<span style="float:right;"><a href="https://github.com/RubixML/ML/blob/master/src/NeuralNet/Optimizers/Adam.php">[source]</a></span>

# Adam
Short for *Adaptive Moment Estimation*, the Adam Optimizer combines both Momentum and RMS properties. In addition to storing an exponentially decaying average of past squared gradients like [RMSprop](rms-prop.md), Adam also keeps an exponentially decaying average of past gradients, similar to [Momentum](momentum.md).
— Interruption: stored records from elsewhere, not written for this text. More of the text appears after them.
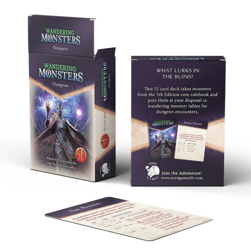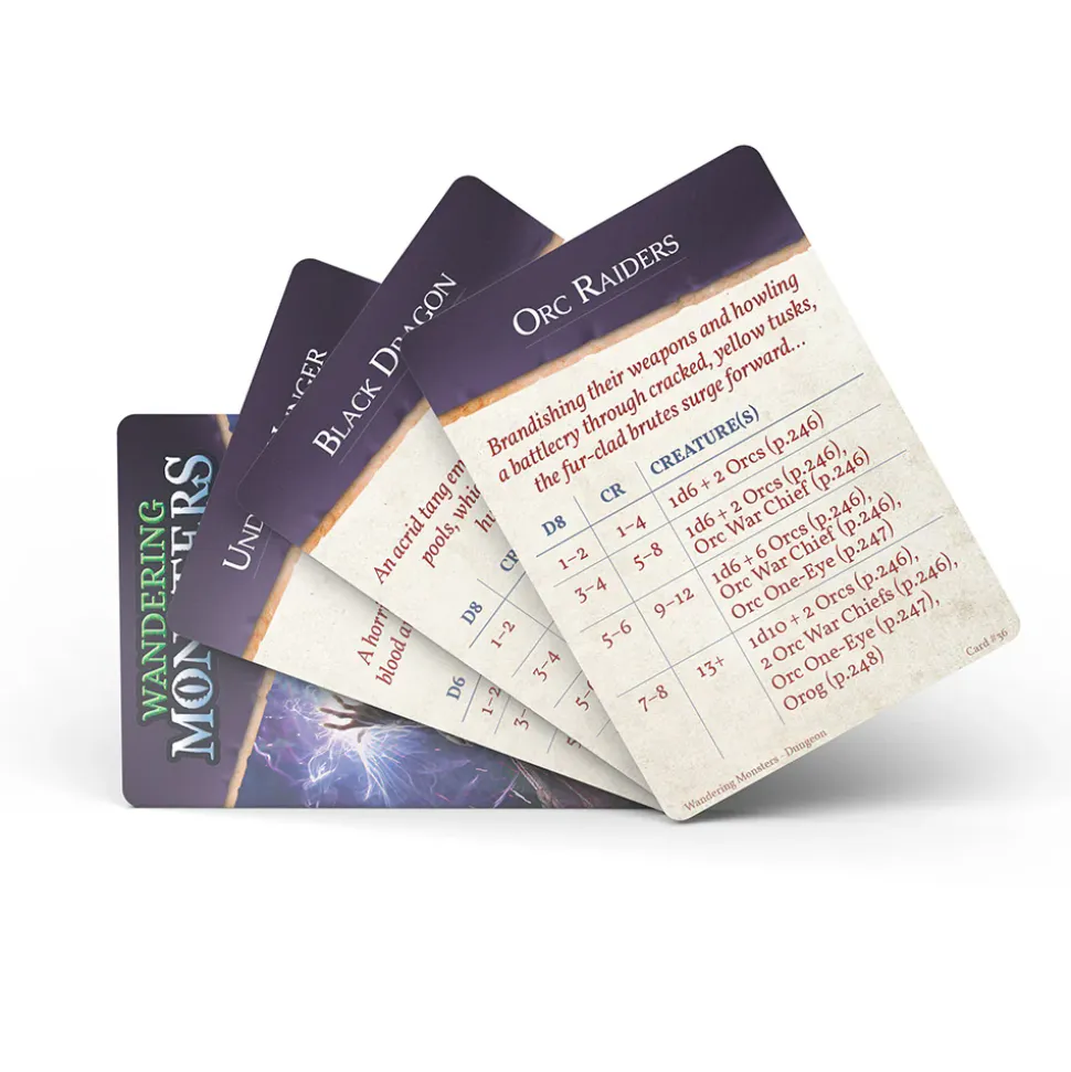 This deck contains 52 cards, each with 3-5 possible encounters for dungeon environments for 5th Edition. The encounter can be chosen based on the appropriate challenge rating, or roll a die to leave the experience to chance. Save yourself hours of setup time and challenge your players with monsters you never thought to use!
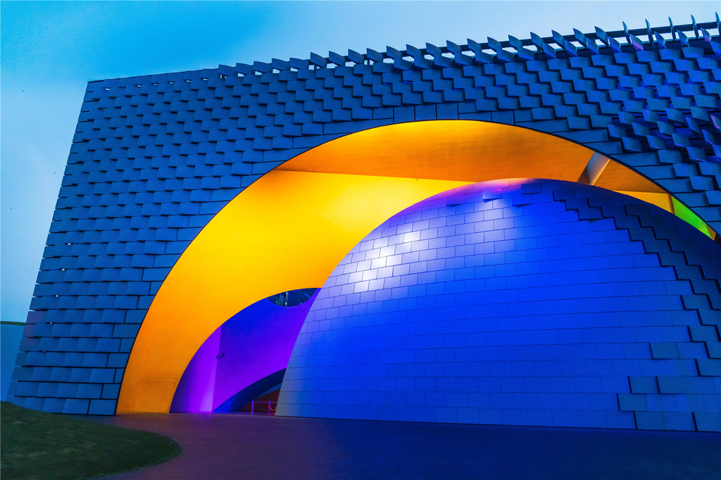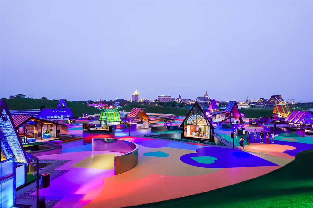 六大剧场有二个室外,四个室内,如心剧场是一个巨大的心形广场,中心有一个心形的水池,薰衣草紫,天空蓝,幽绿,明亮的橙色橙,组成了糖果色的幻境,特别适合拍摄糖果风的照片。9个互不关联的空间,也是九个独立不同的场景,没有演出的时候,便是拍照的实景哦,圆弧形的不锈钢镜面隔断,让如心剧场更增添了无穷的妙趣。每当夜幕降临,这里便成为了一个剧场,12个因爱而生的微戏剧都将在这里上演。
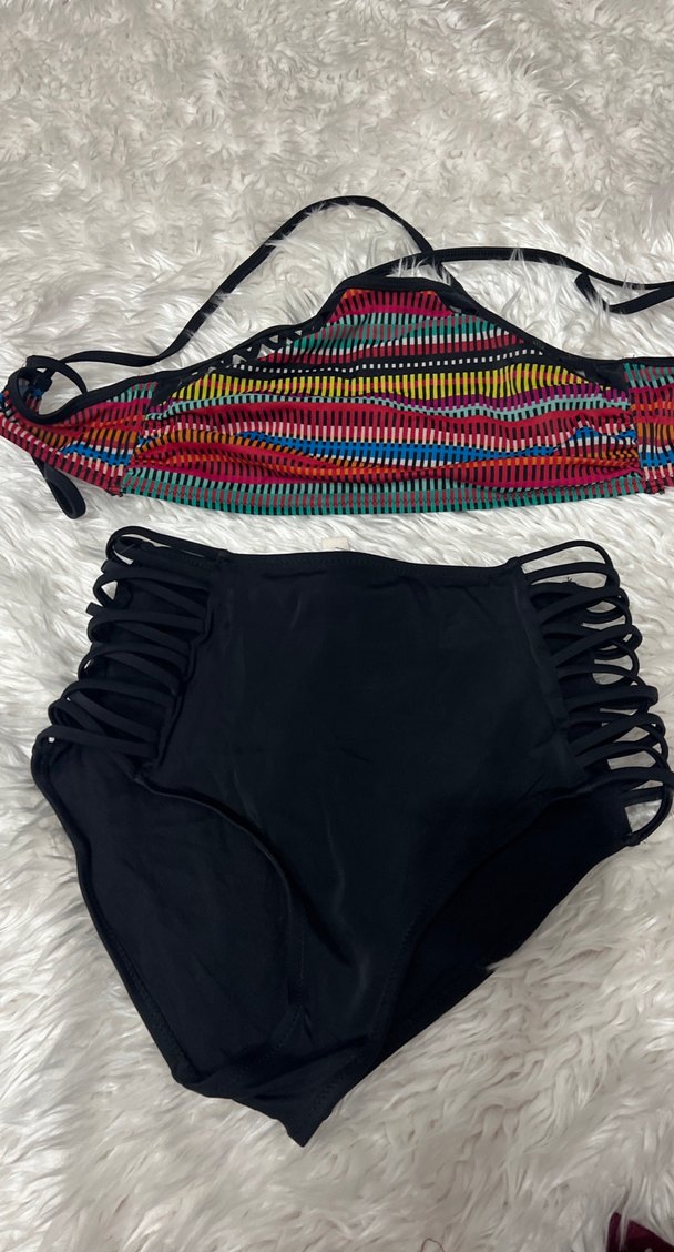 Bohem tarzda, çok renkli bağcıklı üst ve yanları elastik siyah mini alt bikini takımı. Plaj için uygun. ️
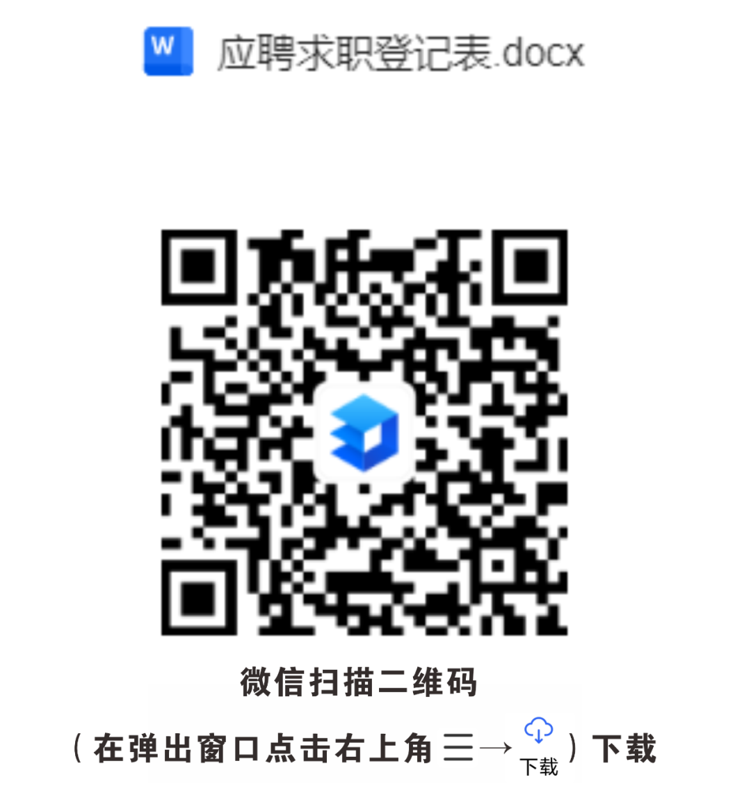 掃描二維碼下載報名表填報,以“應(yīng)聘崗位+姓名+專業(yè)”命名發(fā)送至電子郵箱tyxyyrsk@126.com。
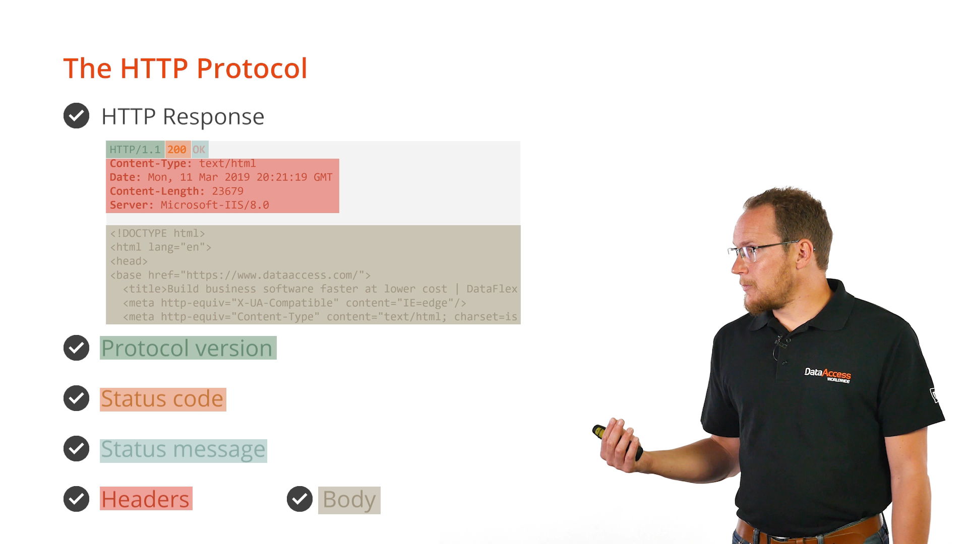 HTTP responses first include the protocol version, and then a status code. The status code indicates to the client if the handling of the request went well or if something is wrong. There is also a status message, which is a textual description of that status. A set of headers are also returned. The body follows the headers and can basically be anything. A commonly used header is the content-type header that usually indicates the type of content that is sent back.

Whereas Momentum can be seen as a ball running down a slope, Adam behaves like a heavy ball with friction.

## Parameters
| # | Name | Default | Type | Description |
|---|---|---|---|---|
| 1 | rate | 0.001 | float | The learning rate that controls the global step size. |
| 2 | momentumDecay | 0.1 | float | The decay rate of the accumulated velocity. |
| 3 | normDecay | 0.001 | float | The decay rate of the rms property. |

## Example
```php
use Rubix\ML\NeuralNet\Optimizers\Adam;

$optimizer = new Adam(0.0001, 0.1, 0.001);
```

## References
[^1]: D. P. Kingma et al. (2014). Adam: A Method for Stochastic Optimization.